December 21, 2020
Simply put, a diamond's carat weight refers to how much it weighs. One metric carat is defined as exactly 200 milligrams. So a 1-carat diamond weighs 200 milligrams.
Each carat is further divided into 100 points. This allows for very precise measurements to the hundredth decimal place. For example, a diamond weighing 1.08 carats may be described as "one point zero eight carats" by a jeweler.
The relationship between carat weight and diamond size is not perfectly linear. As the carat weight increases, the diamond's dimensions increase at a slower rate. This is because larger diamonds are cut to retain as much weight as possible in the finished stone. The cut proportions are optimized for carat weight over spread.
The diamond carat system originated from the carob seed. In ancient times, traders used the small, uniform seeds as counterweights on precision balances for weighing gems. The modern metric carat weight corresponds almost exactly to the average mass of a carob seed.
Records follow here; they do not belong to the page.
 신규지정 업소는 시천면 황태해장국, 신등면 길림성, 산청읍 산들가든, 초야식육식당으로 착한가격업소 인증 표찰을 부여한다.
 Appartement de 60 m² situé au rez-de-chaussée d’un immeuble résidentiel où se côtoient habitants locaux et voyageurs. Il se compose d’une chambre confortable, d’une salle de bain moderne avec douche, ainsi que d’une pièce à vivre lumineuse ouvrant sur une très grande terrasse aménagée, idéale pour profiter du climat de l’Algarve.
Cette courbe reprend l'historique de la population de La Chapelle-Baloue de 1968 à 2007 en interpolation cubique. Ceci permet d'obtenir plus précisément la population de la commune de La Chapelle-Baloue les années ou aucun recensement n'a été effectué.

Over time, the carat was standardized based on metric weight to be exactly 200 milligrams worldwide. The legacy of the carob seed remains with us today in the terminology of the diamond industry.
In diamond weight, certain increments are considered more desirable or "magic." These include half-carat (0.50 ct), three-quarter carat (0.75 ct), and the full one-carat sizes.
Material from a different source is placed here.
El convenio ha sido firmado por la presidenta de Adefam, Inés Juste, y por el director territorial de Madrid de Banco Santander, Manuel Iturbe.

Visually, there is little apparent difference between a 0.99 ct diamond and a 1.00 ct diamond. However, that tiny difference of 0.01 ct can have a significant impact on the diamond's market value and price. Retail customers tend to place greater value on crossing these "magic size" thresholds.
Larger diamonds are exponentially more rare in nature than smaller ones. It requires a much larger rough diamond crystal to cut a sizeable finished stone. This scarcity is why carat weight is tied so directly to the price of diamonds.
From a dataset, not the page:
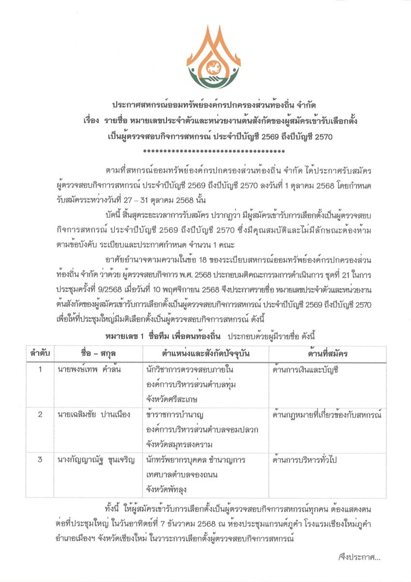 เรื่อง รายชื่อ หมายเลขประจำตัวและหน่วยงานต้นสังกัดของผู้สมัครเข้ารับเลือกตั้งเป็นผู้ตรวจสอบกิจการสหกรณ์ ประจำปี 2569 ถึงปีบัญชี 2570

Bigger diamonds also face more risk of inclusions and flaws in the rough crystal that can affect clarity. It takes an extraordinarily rare find to yield a large diamond with top color and clarity grades. Thus, the combination of size along with quality factors results in a tremendous premium for large flawless diamonds.
As with the other 3Cs - cut, clarity, and color - carat weight is an important factor to consider when selecting a diamond. But bigger is not always better if it comes at the expense of cut and clarity. The right balance depends on your budget and preferences. Discuss your needs with a jeweler to ensure you get the ideal diamond carat weight for your engagement ring or other jewelry.